Notion or Notium (Ancient Greek Νότιον, 'southern') was a Greek city-state on the west coast of Anatolia; it is about 50 km south of İzmir in modern Turkey, on the Gulf of Kuşadası. Notion was located on a hill from which the sea was visible; it served as a port for nearby Colophon and Claros, and pilgrims frequently passed through on their way to the oracle of Apollo at Claros. There are still remains of the defense walls, necropolis, temple, agora, and theater. The ruins of the city are now found east of the modern town Ahmetbeyli in the Menderes district of İzmir Province, Turkey.

The earliest reference to Notion is in Herodotus, who includes it among the cities of Aeolis (of which it is the southernmost): "Kyme, which is called Phriconis, Larisai, Neon-teichos, Temnos, Killa, Notion, Aigiroëssa, Pitane, Aigaiai, Myrina, Grynei" (I:149). Its proximity to the Ionian city of Colophon needs explanation; we may "suppose either that the Ionian settlers negotiated their rights of passage up to their inland site or more probably that they reached it originally up one of the other river valleys." Robin Lane Fox, discussing the early rivalry between the cities, writes:
Relations between Colophon and nearby Notion were never easy and their bitter rivalry may help to explain the story of a quarrel between the two prophets at Claros. The Aeolian Greeks at Notion had a special relationship with Aeolian Mopsus, but the Ionian Greeks at Colophon had a special relationship with Calchas. It was, then, particularly appealing for the Aeolian controllers of Claros to claim that Mopsus had outwitted Calchas and caused his death on the site.
Herbert William Parke suggests that in the seventh century BC "Claros was in the control of Notion, which must have remained a small Aeolian town dominated by its more powerful inland neighbour [Colophon], but also protected by it against the threat of Lydia.
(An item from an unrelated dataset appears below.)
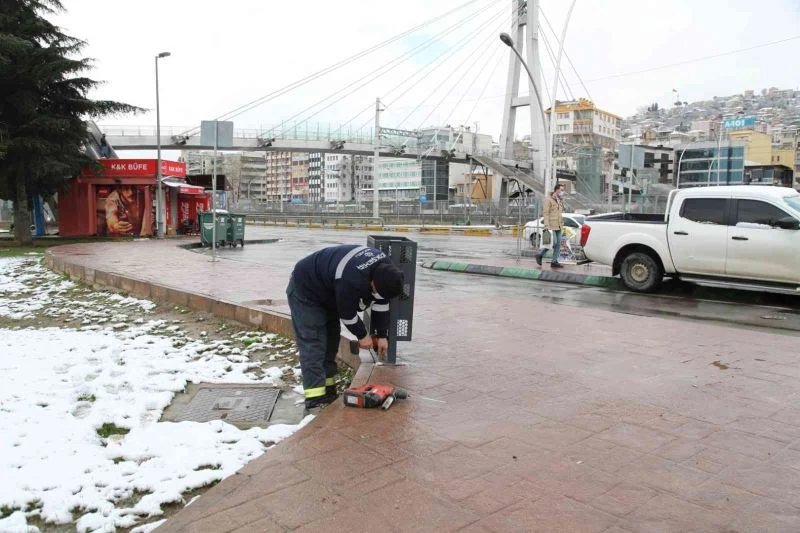 Kocaeli Büyükşehir Belediyesi Park, Bahçe ve Yeşil Alanlar Daire Başkanlığı tarafından, İzmit’te yeni çöp kovalarının montajı yapılıyor.

Notion itself was not big enough to send out colonies on its own." Persia conquered Colophon and Notion in the mid-sixth century BC, but they were liberated in the Greco–Persian Wars and joined the Delian League separately (Colophon paying three talents a year, the smaller Notion only a third of a talent).

During the first years of the Peloponnesian War, Notion was split into factions, one of which called in mercenaries under Persian command; the Athenian admiral Paches ruthlessly restored the pro-Athenian faction to power, "and settlers were afterwards sent out from Athens, and the place colonized according to Athenian laws" (Thucydides III:34). Thereafter it served as an Athenian base. In 406 BC it was the site of the Spartan victory at the Battle of Notium. By the late fourth century BC it was joined in a sympoliteia (federal league) with Colophon and "by the Roman period the name of Notion dropped out of use completely."

Archaeological expeditions, carried out in part by the University of Michigan, resumed in 2022. In July 2023, a small hoard of 68 gold persian darics was found buried underneath the walls of one of the houses. According to Christopher Ratté, one of the lead archaeologists on the expedition, the hoard may have been left by a soldier for safekeeping.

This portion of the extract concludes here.